O Zimbábue em resumo
O Zimbábue não costuma lotar de turistas, em grande parte devido ao seu histórico político. No entanto, o país na divisa com a Namíbia e o Botsuana guarda tesouros naturais impressionantes. 13% do território é ocupado por parques de preservação e reservas ambientais.
Metrópole africana e cachoeiras lendárias
A porta de entrada costuma ser a capital, Harare. Vale a pena dedicar um ou dois dias para explorar o movimento das ruas, os parques e os museus locais, marcados pelas árvores de jacarandá com flores roxas. Não deixe de conhecer a Galeria Nacional, que reúne importantes mostras de arte africana, e o Harare Gardens, um parque urbano com uma pequena área de floresta tropical. Fique atento à segurança ao caminhar após o anoitecer. A grande estrela do país, porém, são as Cataratas Vitória. Caminhar pelas passarelas com a neblina d'água cobrindo tudo é uma experiência difícil de esquecer. São 550.000 metros cúbicos de água despencando nos cânions do rio Zambeze, cem metros abaixo.

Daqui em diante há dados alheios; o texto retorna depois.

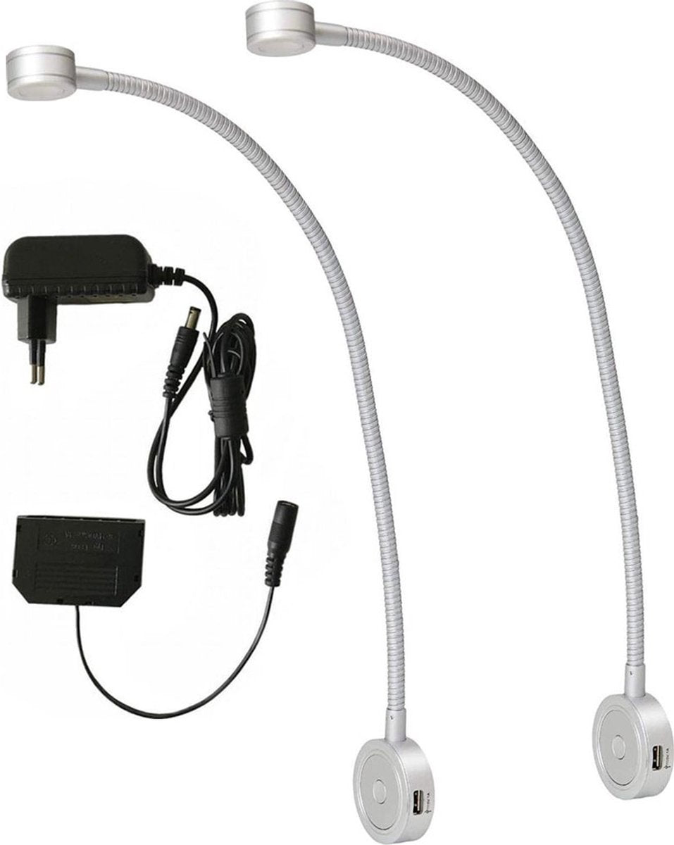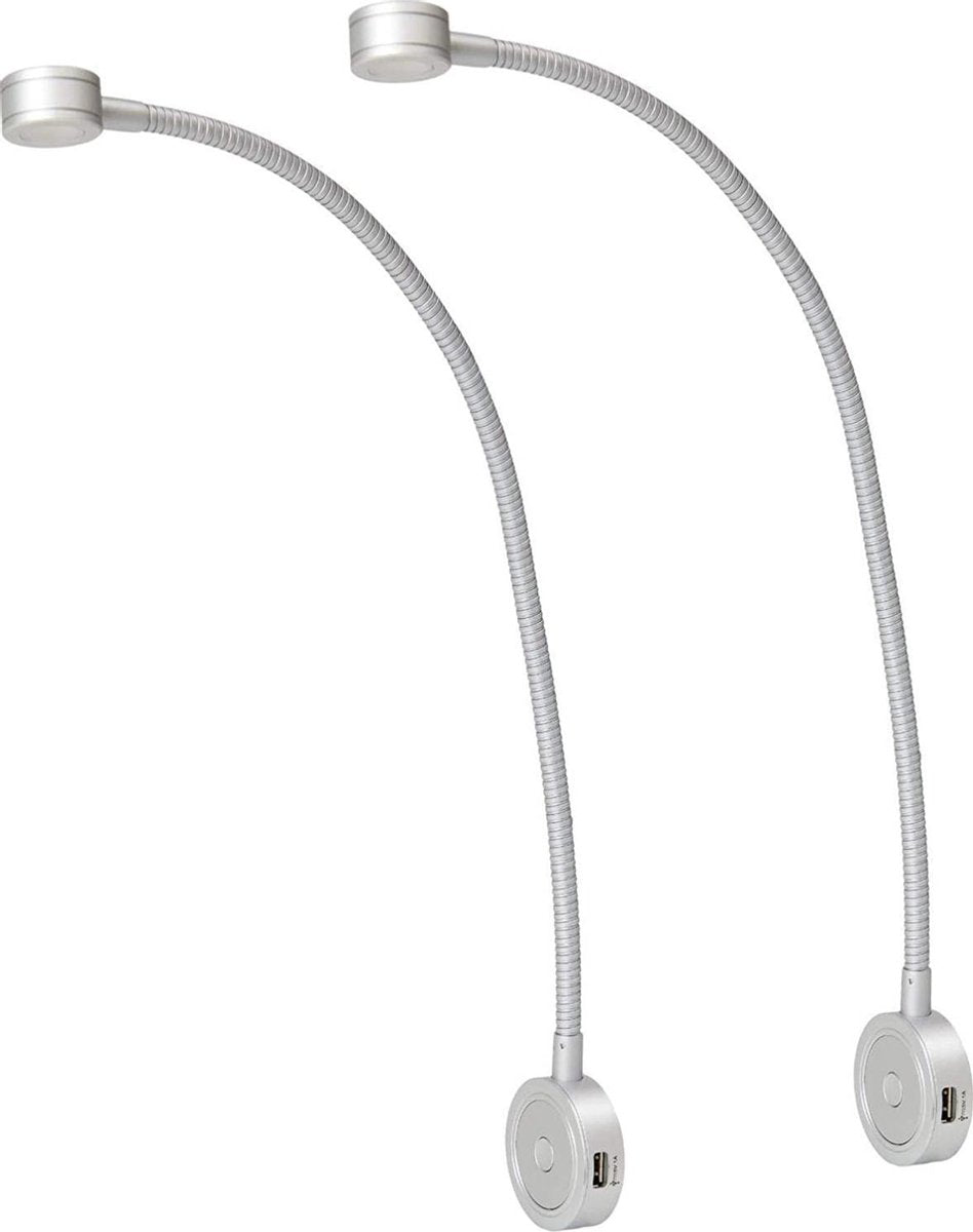 Bolt Electronics ® – Leeslamp – Bedlampje – Leeslamp slaapkamer – Leeslampje voor boek – Flexibel leeslampje – LED – 1001-A – Dimbaar – met 2 x USB - Aluminium – 2 stuks - CE 2020

Com atenção redobrada, é possível avistar elefantes, leões e hipopótamos nas redondezas.
Na rota da história
O país abriga ainda um dos sítios arqueológicos mais fascinantes do continente: o Great Zimbabwe National Monument. Entre os séculos XIII e XV, este local funcionava como a maior cidade medieval da África subsaariana. O complexo, reconhecido como Patrimônio Mundial pela Unesco, impressiona pelas imensas muralhas de pedra de granito construídas sem uso de argamassa. Hoje, o espaço funciona como um registro vivo da antiga civilização banto. Você pode estender o roteiro até o sítio arqueológico de Khami, também protegido pela Unesco, que sucedeu o Grande Zimbábue nos séculos seguintes. Para chegar lá, vale a pena embarcar no simpático trem do museu ferroviário em Bulawayo.
Natureza em estado bruto
O grande apelo do Zimbábue está nos seus vastos espaços abertos e na vida selvagem abundante. O Hwange National Park é a maior unidade de conservação do país, com uma área de 14.650 quilômetros quadrados. Por lá, circulam centenas de animais como guepardos, babuínos, búfalos, hienas, leões e antílopes, além de uma população estimada entre 30.000 e 40.000 elefantes vivendo em liberdade. O Matusadono National Park também protege uma rica fauna, incluindo rinocerontes-negros reintroduzidos na região há alguns anos. Já o Matobo National Park chama atenção pelas formações rochosas esculpidas pela erosão ao longo dos milênios, criando paisagens surrealistas protegidas pela Unesco.
Quando ir
O Zimbábue pode ser visitado o ano todo, mas a estação seca é a escolha mais recomendada. Ela vai de abril a outubro, oferecendo dias ensolarados e temperaturas amenas. Já a época das chuvas, que vai do final de novembro até o início de abril, traz temporais intensos e um clima bastante abafado.
Como ir
Não há voos diretos partindo do Brasil para Harare, a capital do Zimbábue. A maioria das rotas aéreas exige conexões em grandes centros como Joanesburgo, na África do Sul, ou em capitais europeias, resultando em viagens que duram entre 17 e 20 horas no total. Quem já está na região também pode cruzar as fronteiras terrestres de ônibus ou trem a partir da própria África do Sul, do Botsuana e de Moçambique.